Так что Додо все чаще во время утренних прогулок находил товарищей, и в соответствии с условиями его привилегированной исключительности товарищи эти принадлежали к особому сорту, но не в смысле дружества и общности интересов, а в смысле глубоко проблематичном и не сулящем чести. Они были гораздо младше Додо, и их притягивали его достоинство и важность; разговоры же, которые они вели, имели особую тональность, веселую и шутливую, а для Додо — и это трудно опровергнуть — приятную и бодрящую.
И когда он шел с ними, возвышаясь на целую голову над их веселой, легкомысленной компанией, то выглядел как философ перипатетик в окружении своих учеников, а из-под маски значительности и печали невольно вырывалась фривольная улыбочка, борясь с трагической доминантой его физиономии.

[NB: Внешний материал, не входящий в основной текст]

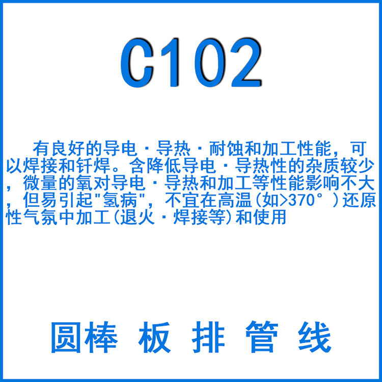 有良好的導(dǎo)電.導(dǎo)熱.耐蝕和加工性能,可以焊接和纖焊。含降低導(dǎo)電.導(dǎo)熱性的雜質(zhì)較少,微量的氧對導(dǎo)電.導(dǎo)熱和加工等性能影響不大,但易引起"氫病",不宜在高溫(如>370°)還原性氣氛中加工(退火.焊接等)和使用

Теперь Додо опаздывал после своих утренних прогулок, возвращался с них с взлохмаченными волосами, в помятом костюме, однако оживленный и склонный к веселым спорам с Каролей, бедной родственницей, которую из милости приютила тетя Ретиция. Впрочем, Додо, видимо, понимая некоторую сомнительность этих встреч, дома о них никому ничего не рассказывал.
Раза два в его монотонной жизни случались происшествия, своим форматом возвышающиеся над мелководьем будничных событий.
Как-то, уйдя утром, он не вернулся к обеду. И на следующий день не вернулся ни к обеду, ни к ужину. Тетя Ретиция была на грани отчаяния. Но вечером он возвратился слегка помятый, в приплюснутом и криво сидящем котелке, однако веселый и в благодушном настроении.
Историю этой эскапады реконструировать было трудно, тем паче что Додо на сей счет хранил абсолютное молчание. Вероятней всего, заглядевшись на что-то, он забрел в незнакомую часть города, но вполне возможно, что помогли ему в этом юные перипатетики, которые с удовольствием вовлекали Додо в новые, неведомые ему обстоятельства жизни.
Быть может, то был один из тех дней, когда Додо отпускал отдохнуть свою бедную перегруженную память и забывал свой адрес и даже фамилию, даты, которые в другие дни, надо сказать, он помнил.
Так мы никогда и не узнали подробностей этого его приключения.
Когда старший брат Додо уехал за границу, их семья ужалась до трех, верней сказать, до четырех человек. Кроме дяди Иеронима и тети Ретиции, была еще Кароля, исполнявшая в их большом хозяйстве роль ключницы.
Дядя Иероним уже много лет не выходил из дома. С того момента когда Провидение мягко изъяло из его рук кормило сбившегося с курса и севшего на мель ковчега жизни, он вел существование пенсионера на узенькой полоске между прихожей и темной каморкой, что была ему отведена.